EXCERPTED DATA: Begin
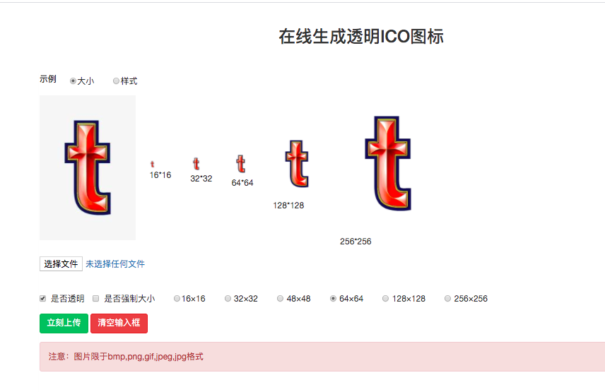 在线制作生成ico透明图标—指定大小 链接为:http://ico.toolscat.com/
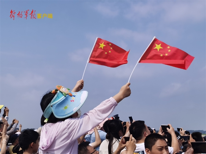 觀看飛行表演時,觀眾揮舞國旗,表達(dá)對祖國的熱愛。杜圣攝
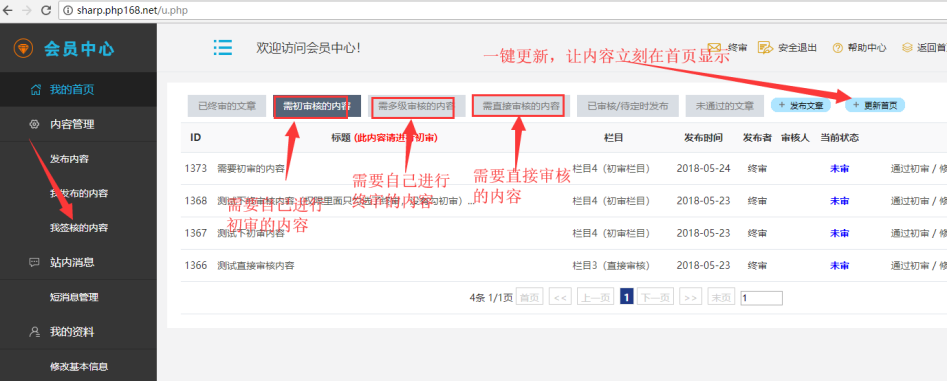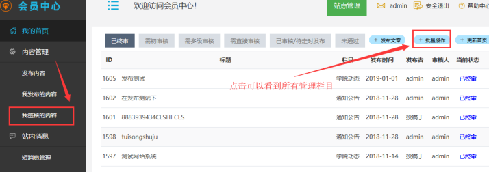 總結就是:主站權限可以細化到個人、細化到欄目。 審核內容都在會員中心操作。
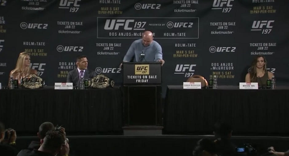 H συνέντευξη Τύπου του αγώνα έγινε τη Δευτέρα (8/2), με τον McGregor να εμφανίζεται με μισή ώρα καθυστέρηση, πριν αρχίσει να επιτίθεται λεκτικά στον Βραζιλιάνο αντίπαλο του στη διαδικασία που διήρκεσε τη μια ώρα. Τα έβαλε και με την οικογένεια του dos Anjos, ο οποίος αρκέστηκε στο να σχολιάσει “οι γονείς μου, μου έμαθαν απ’ όταν ήμουν μικρός να μην τσακώνομαι με τρελούς. Να τους αφήνω να μιλάνε. Αυτό έκανα και με τον Conor. Με ενδιαφέρει να κάνω τη δουλειά μου και ξέρω πως στις 5 του Μάρτη θα είμαι έτοιμος. Τότε θα πληρώσει για όσα έχει πει για το Θεό μου, τη γυναίκα μου, τα παιδιά μου. Στο οκτάγωνο πληρώνουν όλοι τις αμαρτίες τους”. Τι αμαρτίες έχει κάνει ο McGregor; Διαβάστε.
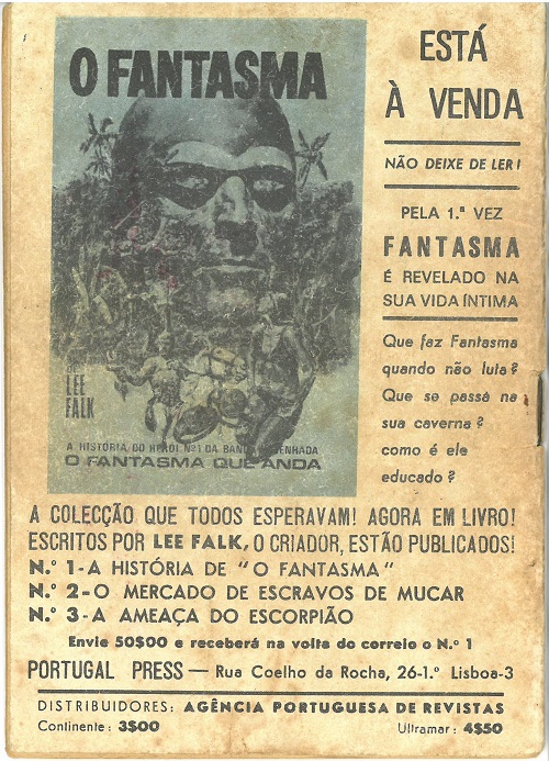 Several of the publications produced by Portugal Press caried advertisements for the O Fantasma Novel Book series on the outside back covers. A couple of examples can be seen below.
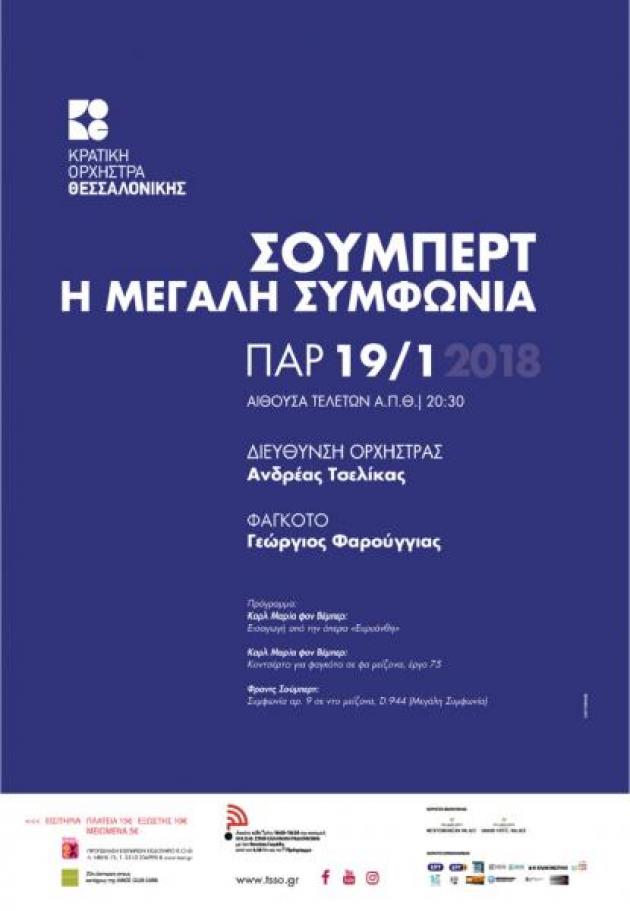 Η Κρατική Ορχήστρα Θεσσαλονίκης παρουσιάζει την «Μεγάλη Συμφωνία» του Σούμπερτ, ένα μεγαλειώδες έργο που ο δημιουργός του εμπνεύστηκε από την «Ενάτη» του Μπετόβεν, του συνθέτη που αποτελούσε το ίνδαλμά του και καθόρισε όσο κανείς άλλος τη συνθετική του πορεία. Το έργο αποτελεί πρόκληση για κάθε συμφωνική ορχήστρα λόγω των υψηλών δεξιοτεχνικών του απαιτήσεων και των εξαιρετικά εκτεταμένων μερών και των εγχόρδων και των πνευστών.
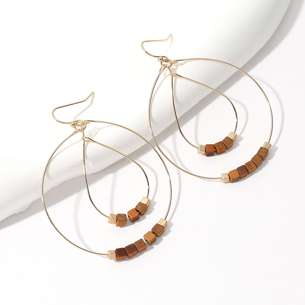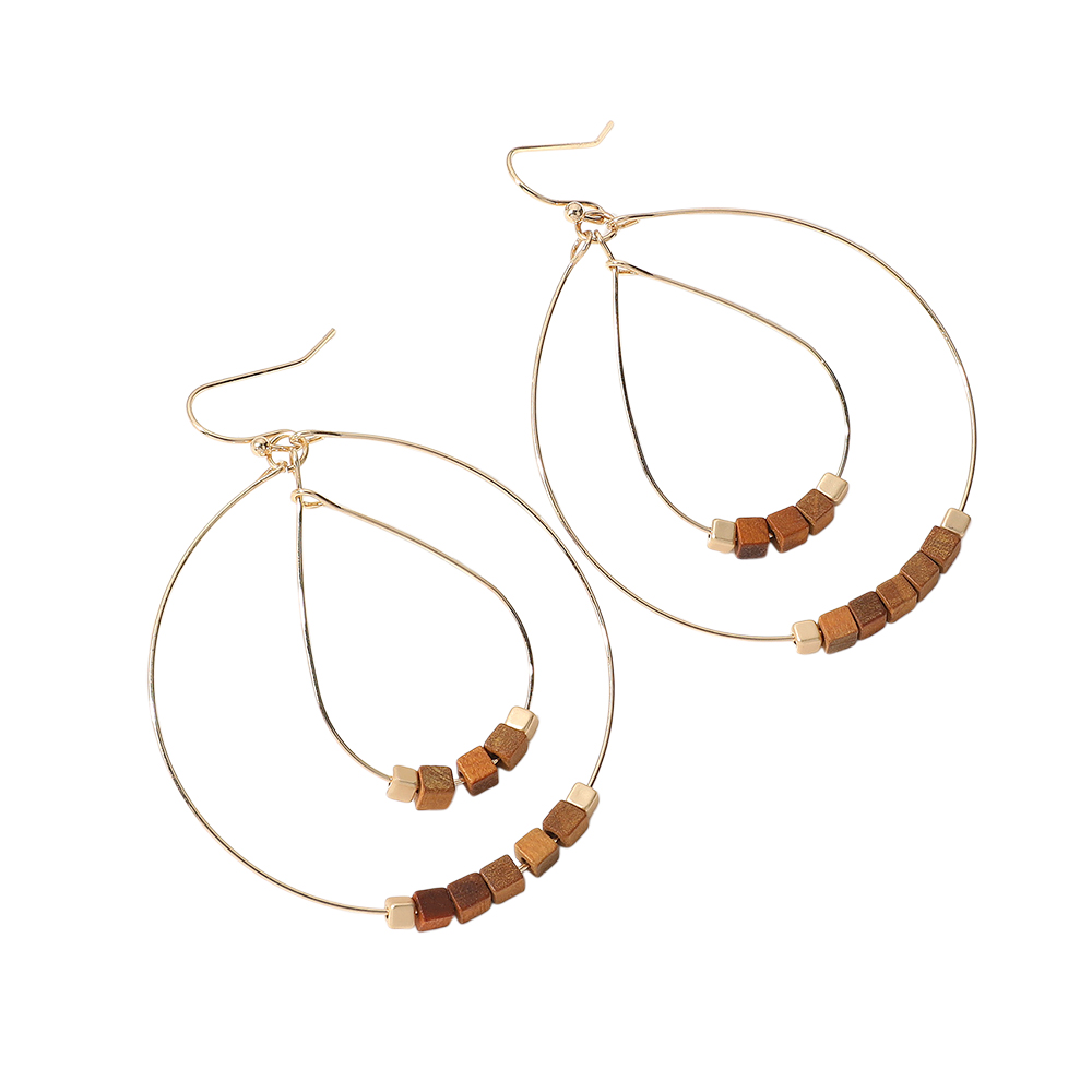 Details • Size : 1.75" X 2.25" • Fish Hook Back • Modern double hoop earrings accented with square cube beads for a minimalist yet eye-catching look. Lightweight and versatile for everyday wear. • Lead and Nickel Compliant
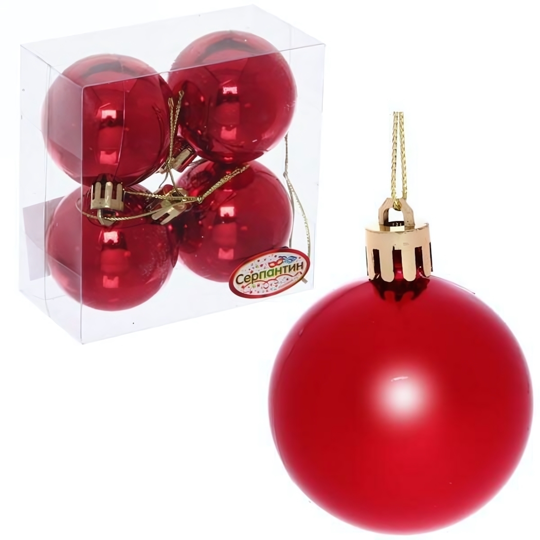 Шары изготавливаются из прочного пластика с глянцевым покрытием, что гарантирует их долговечность. Компактная упаковка защищает украшения при хранении. Набор из четырех штук позволяет создать гармоничный декор без дополнительных затрат времени на поиск подходящих украшений.
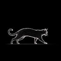 Deze dynamische weergave van een kat in beweging benadrukt de vloeiende en gestileerde vormen, geaccentueerd door het gebruik van sterk licht tegen een donkere achtergrond. De illustratie vangt de essentie van de kat's beweging en krachtige houding.
EXCERPTED DATA: End
*WORK REQUEST:* Skip every picture. Repeat word for word the lines from the line holding "Details • Size" through the end of the entries above.

*ANSWER SECTION:*
 Details • Size : 1.75" X 2.25" • Fish Hook Back • Modern double hoop earrings accented with square cube beads for a minimalist yet eye-catching look. Lightweight and versatile for everyday wear. • Lead and Nickel Compliant
 Шары изготавливаются из прочного пластика с глянцевым покрытием, что гарантирует их долговечность. Компактная упаковка защищает украшения при хранении. Набор из четырех штук позволяет создать гармоничный декор без дополнительных затрат времени на поиск подходящих украшений.
 Deze dynamische weergave van een kat in beweging benadrukt de vloeiende en gestileerde vormen, geaccentueerd door het gebruik van sterk licht tegen een donkere achtergrond. De illustratie vangt de essentie van de kat's beweging en krachtige houding.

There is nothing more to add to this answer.